Captive Audience / Dishonorable president


For a full hour yesterday, all the Israeli broadcast channels were the voluntary captives of the country's No. 1 citizen, who presented his defense arguments, a character statement in his own defense and a summation for a trial that has yet to begin. And he did this while engaging in an agitated, scathing and excoriating defamation of the vehicle that allowed him to bring his unusual performance to the nation.

Moshe Katsav was fighting for his life yesterday, as well as for his dignity and the trust he wants his family and friends to continue to place in him. He also used the opportunity to trample whatever remaining justification he may have had in continuing to remain in his post.

One can assume that there are people outside the media for whom Katsav's speech did strike a chord. His advisers, and perhaps Katsav himself, were aiming for the most populist effect, with the use of the term "the hostile media": a powerful institution with an elitist, destructive and arrogant agenda that exerts extortionist power over the police, prosecution and attorney general.
Katsav used the cameras of the journalists to speak directly to the "citizens of Israel" and portray himself over and over as a victim of an elitist, well-orchestrated plot.

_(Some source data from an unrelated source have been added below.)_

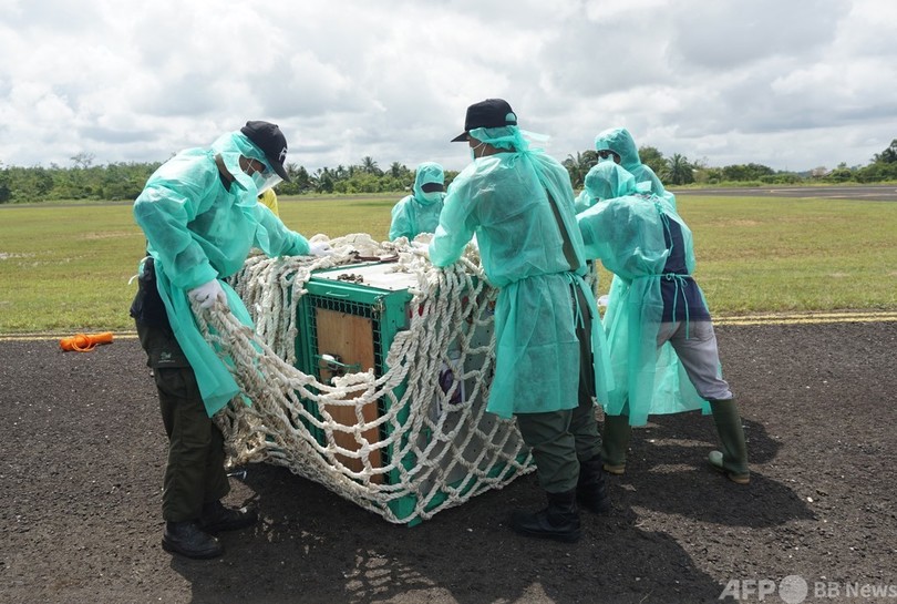 【2月23日 AFP】インドネシア・カリマンタン島(Kalimantan Island、別名:ボルネオ島、Borneo Island)でこのほど、絶滅の深刻な危機にさらされているオランウータン10頭が、保護施設から空路で自然に返された。新型コロナウイルスへの感染リスクから、オランウータンを自然へ返す活動はしばらく行われておらず、1年ぶりとなった。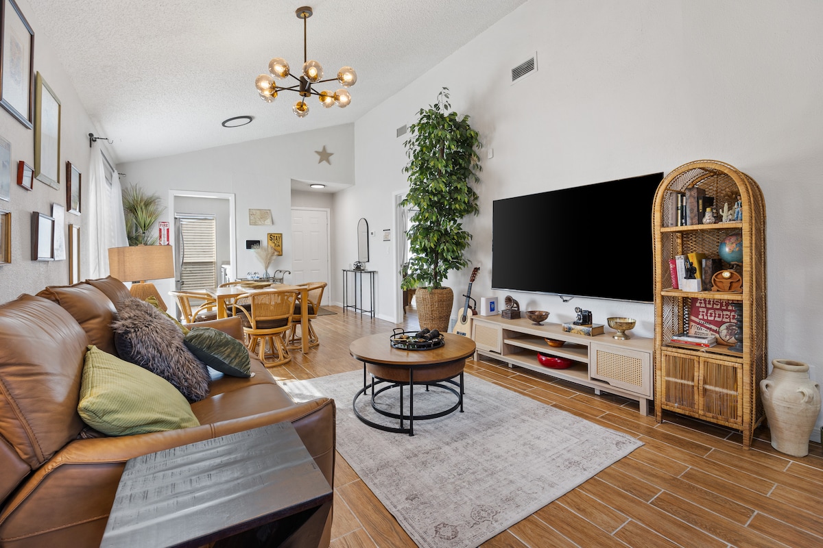 Lo que te gustará ❤️ de tu estancia: - Ubicación céntrica en el corazón de Arlington. - A pocos minutos del estadio AT&T, Texas LIVE, Globe Life Field, Six Flags, Hurricane Harbor, Universidad de Texas en Arlington, Billy Bob's of TX, Famous Stockyards de Fort Worth y aeropuerto DFW. - A 19 minutos a pie del estadio AT&T. - A poca distancia a pie de tiendas, restaurantes y bares. - Fogata/parrilla/comedor al aire libre. - Cocina totalmente equipada (cápsulas/café incluidos). - Internet de alta velocidad. - (3) televisores inteligentes - Lavadora y secadora de tamaño completo.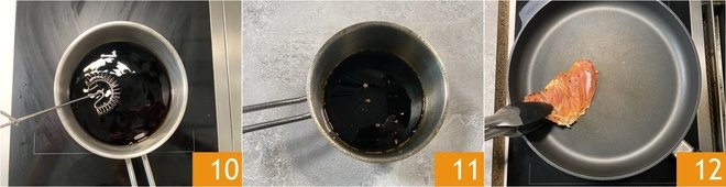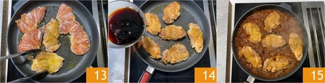 Keep the heat medium-high and do not touch the thighs for at least 6-7 minutes, allowing a nice crust to form, then flip them 13 and cook for another 6-7 minutes on the other side. After this time, pour in the teriyaki sauce 14, lower the heat to medium-low, and turn the thighs in the pan during the last 5 minutes of cooking 15.

Katsav did not hesitate to present himself as both a simple citizen whose basic rights have been denied him and as the president and a key figure in the Jewish world. This dual discourse was accompanied by an additional split: Half the time he was full of threatening descriptions of the ties between the media and law-enforcement authorities, and half the time he was pleading.

Katsav addressed the public as though cruel police investigators had tackled him one day as he was innocently walking in the street, dumped him and his friends in a room full of prosecutors and framed him. Katsav portrayed the women who testified against him as part of a witch hunt, who were taking revenge because they were fired.

Unfortunately, the latent message of Katsav's speech was that he is nothing but an innocent boy from the Kastina transit camp, whom no one wants to see in the President's Residence.

It wasn't the allegations of rape that were at the center of Katsav's heated tongue-lashing. It was the good versus the bad, the light-skinned versus the dark-skinned, the elite versus the undesirable others. Not since former Shas leader Aryeh Deri's "I am innocent" comments has there been such blatant manipulation by someone who reached the top and then, with the help of his lawyers and media consultants, depicted himself as a miserable victim of the arrogant elite, and in so doing terrorized the public.

The question isn't whether Katsav from Kiryat Malachi was wanted at the President's Residence in the upscale Jerusalem neighborhood of Rehavia, but whether he did what he is accused of doing. Either way, the honorable president proved yesterday exactly what he suspects people think about him: that he is not worthy of the exalted position.